With labor unions in Massachusetts, one oft-attempted approach has been to pressure public-sector decision-makers to impose so-called project labor agreements on public projects. Although they don’t say so explicitly, PLAs in effect limit public work only to firms whose workers belong to trade unions.

Such agreements usually drive up costs for the taxpayer.

In broad terms, the public policy dance goes this way. In deciding what candidates to endorse and help in their bid for office, labor unions solicit their support on various labor issues, one of which is usually PLAs. Democratic politicians almost reflexively sign on. Then, when a sizable project comes up, unions urge their friends in public office to press the decision-makers to impose a PLA on the project. Since offering such a public statement is easy, the electeds usually do. If the contracting agency then does as urged, a PLA is imposed — and nonunion firms’ only resort is to go to court to fight it.

All that just happened in Western Massachusetts. After the urging of an array of elected officials, the Springfield Water and Sewer Commission imposed a PLA on a $325 million water-filtration project in Westfield. Several umbrella organizations for nonunion construction firms filed a lawsuit challenging the PLA.

This month, Hampden Superior Court Judge Michael Callan blocked the competition-constricting requirement, noting that the state’s Supreme Judicial Court has said that for a PLA to be permissible, a project must be of “such size, duration, timing, and complexity that the goals of the [public] bidding statute cannot otherwise be achieved’’ and that the awarding authority must have undertaken “a careful, reasoned process’’ to assess the effects of a PLA in regard to the intent of that law.

Those standards simply weren’t met, Callan ruled.

In fact, Callan noted, the firm that the water and sewer commission consulted with had concluded a PLA would delay the project by several months and hike its costs by $15.5 million. Indeed, there really hadn’t been any strong policy argument for the PLA. The commission’s own legal counsel, before having a late-in-the-process change of mind, had advised that he didn’t think the project met the SJC’s threshold for the imposition of a PLA.

The judge’s clear-eyed decision also pierced through much of the disingenuous rhetoric about PLAs, writing that “for all intents and purposes, the PLA excludes open shops from bidding, as it essentially requires bidders to … use union laborers on the project.’’

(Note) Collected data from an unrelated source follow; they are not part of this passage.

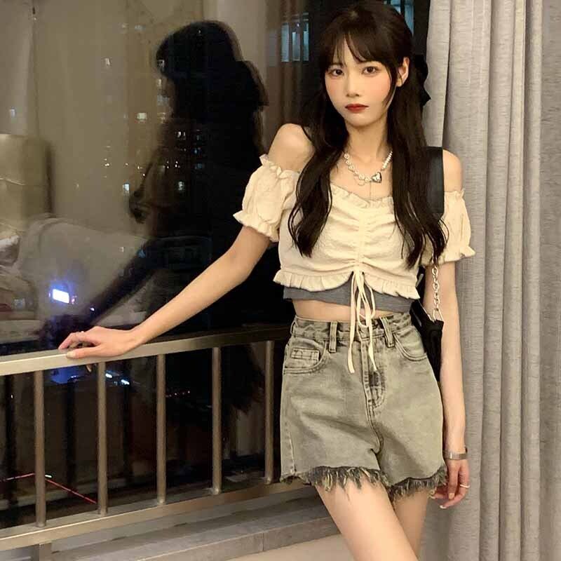 レディース夏服ギャザーショートトップス ストリート 夏物 コーデ marchs6717596568441
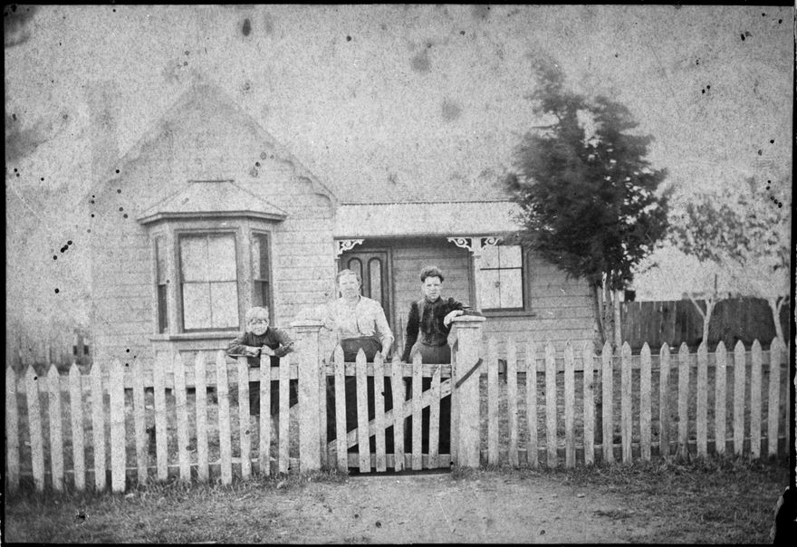 William Smith was a brick maker. Mrs W Smith is in the centre of the photograph. The residence stood on the eastern side of what is now Victoria Avenue, near the Church Street corner.
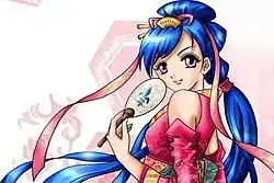 Yurika (pictured on the right), a fictional blue-haired teenage girl, serves as Otakuthon's mascot.[21] She appears under many forms on Otakuthon booklets, badges, website, clothing and other wearables. She was originally created for the convention by local artist Jessie Rong.[21] Yurika has been drawn by various artists over the years and a mascot contest was even once held.[54] Véronique Thibault, Yinyin Liu, Sharyl Chow and Meryem Bahnini were credited in the Otakuthon 2010 program booklet for different versions of the mascot. In 2011, Yurika was joined by her brother Yatsumi, her cousin Yuki, and her friend Yumi.[55]
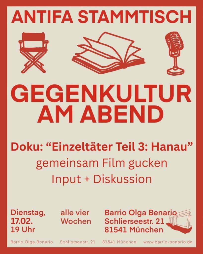 (de) Café Lokal/Mit uns kein Krieg! – Wichtige Protagonist*innen für die feministisch anti-militaristische Geschichte & Bewegung in München und darüber hinaus 🟢 Freitag, 20. März; 19:00 Küfa, 19:30 Vortrag; Ligsalzstraße 8, 80339 München 📍Als nächstes in unserer Veranstaltungsreihe „Mit uns kein Krieg!“ sprechen wir mit Ingrid Scherf über: Berta von Suttner und Clara Zetkin in der Frauenfriedensbewegung vor und nach dem ersten Weltkrieg; über Lida Gustava Heymann und Anita Augsburg in der Münchner Räterepublik; über feministische autonome Strukturen der 70er Jahre. Wir wollen keine lineare Geschichte erzählen, aber Geschichten von kämpfenden Frauen und queers hören, die in München vor uns gewirkt […]
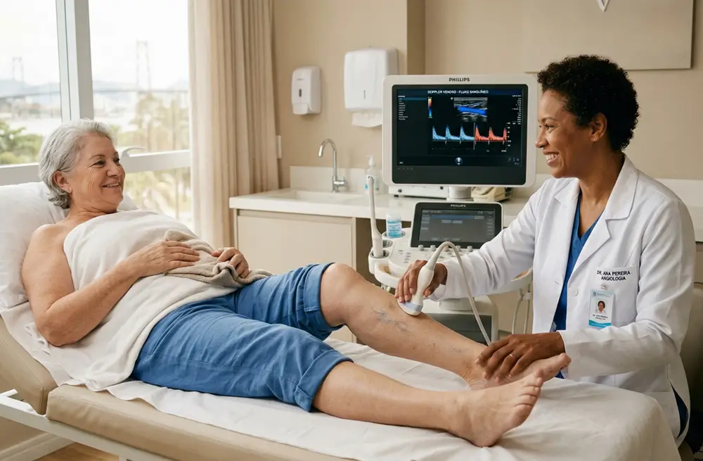 O angiologista — especialista em doenças das veias e artérias — é o profissional indicado para avaliar pernas que incham com frequência. A consulta inclui exame clínico detalhado e, na maioria dos casos, solicitação do eco doppler vascular.
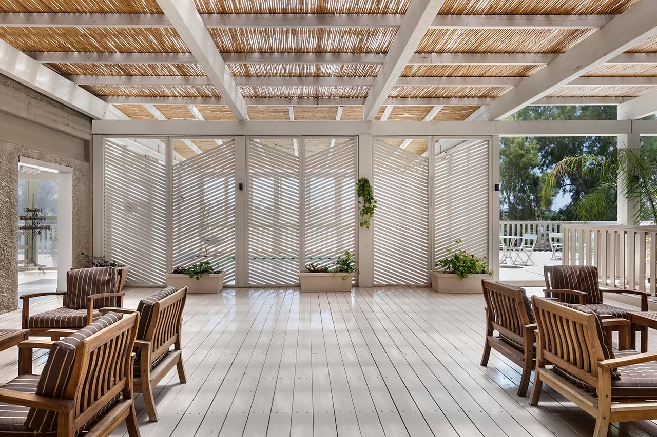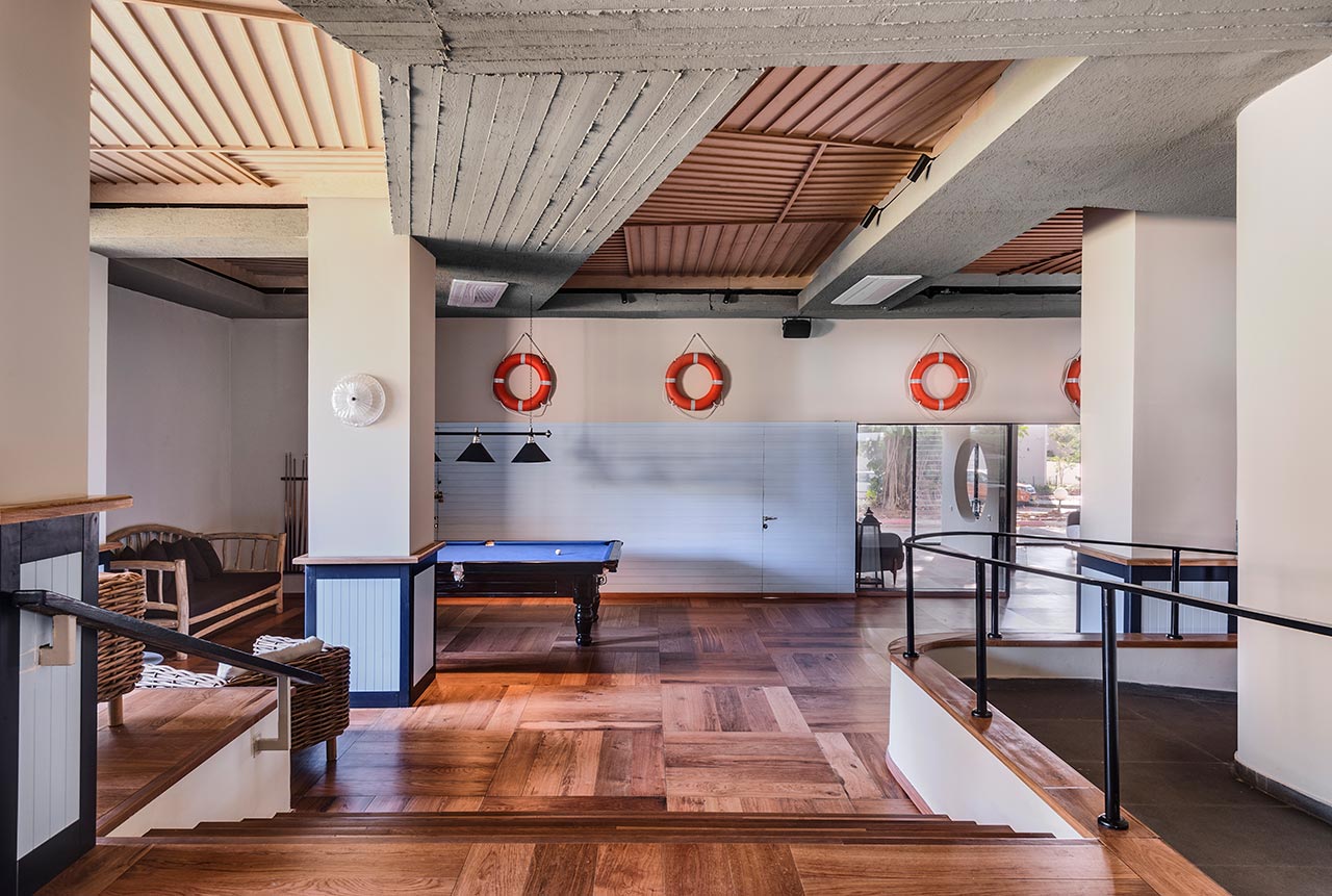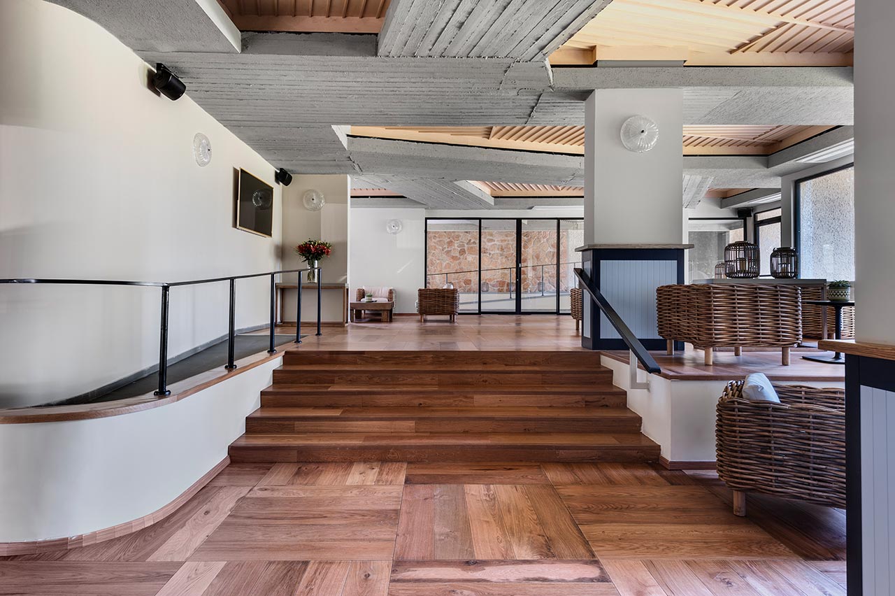 המבנים כולם עטופים צמחיה פראית המחברת בין הפנים לחוץ. האדריכל בחר שלא להוריד את הטיח הישן מקירות המלון ובמקום לבחור גמרים חדשים, מיקם על הקירות קונסטרוקציות פלדה צבועה של סולמות מוזיקה בגוון לבן. לאורך השנים מטפסת הצמחייה ומכסה לגמרי את המרפסות ויוצרת מראה טבעי, חי נושם ופורח. לצד שימור צמחייה היסטורית, מקפידים במלון על שתילות חדשות. השפה העיצובית היא Look and Feel בגווני ים אפורים כחולים וגוונים ירוקים שאת חלקם אפשר למצוא בטבע עצמו, שנמצא בכל פינה.
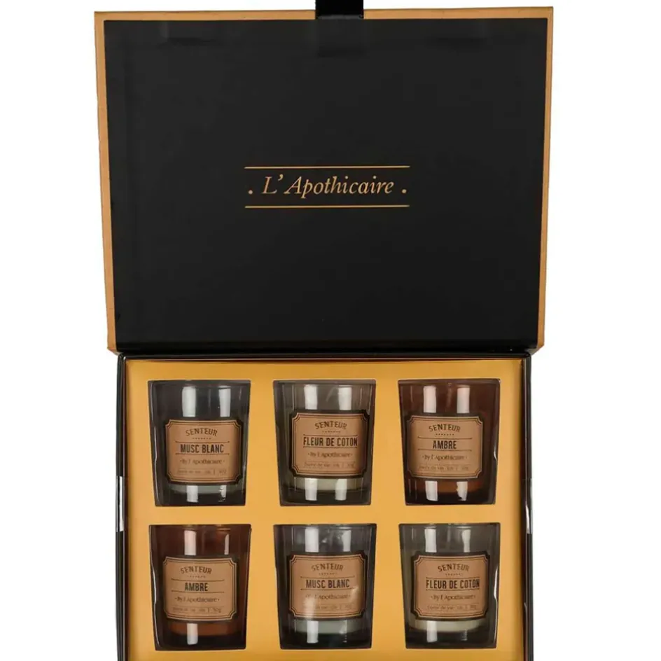 Découvrez notre coffret de 6 bougies parfumées – Apothicaire, une invitation à plonger dans un univers olfactif unique et apaisant.

That’s exactly right. And limiting the bidding only to union labor hikes project costs. Such a price-increasing effect is a generally recognized impact of constricted competition. It pertains in particular when nonunion firms have been eliminated from even bidding on the project; if unionized firms know their only rivals for a project are other union firms, they will feel significantly less pressure to take a sharp pencil to their bid.

Various studies have estimated the added cost of PLA-ed projects in the 10 percent to 20 percent range (though other analyses contend there is no significant price effect). In part, nonunion firms say, that’s because their work teams aren’t bound by union work rules that, say, require a laborer to perform one task, a carpenter a second, an electrician a third, and a plumber a fourth. Nonunion firms usually have their own teams, with developed and complementary specialties. If one worker can perform two or more of those tasks, it saves time and makes work at the job site go more smoothly, with fewer delays.

Although PLAs are sometimes portrayed as necessary to keep nonunion contractors from undercutting trade wages, in fact, the state’s prevailing wage law already mandates that nonunion firms pay the prevailing wage on public projects. That wage is essentially the rate set in union collective-bargaining contracts.

Thus there really is no strong policy argument for imposing a PLA. Further, it is unfair to the many Massachusetts construction workers who are not union members. It means that those workers are paying taxes to help fund projects that PLAs would exclude them from working on.

As a result of Callan’s ruling, the water and sewer commission has decided to move forward with the project without a PLA.

“The Commission is proceeding with the procurement of the new West Parish Water Treatment plant pursuant to the established schedule and the recent Superior Court ruling in accordance with its primary goal of completing the new plant as quickly as possible,’’ commission communications manager Jaimye Bartak said via email. (The local labor council appears to be attempting a last-gasp Hail Mary intervention.)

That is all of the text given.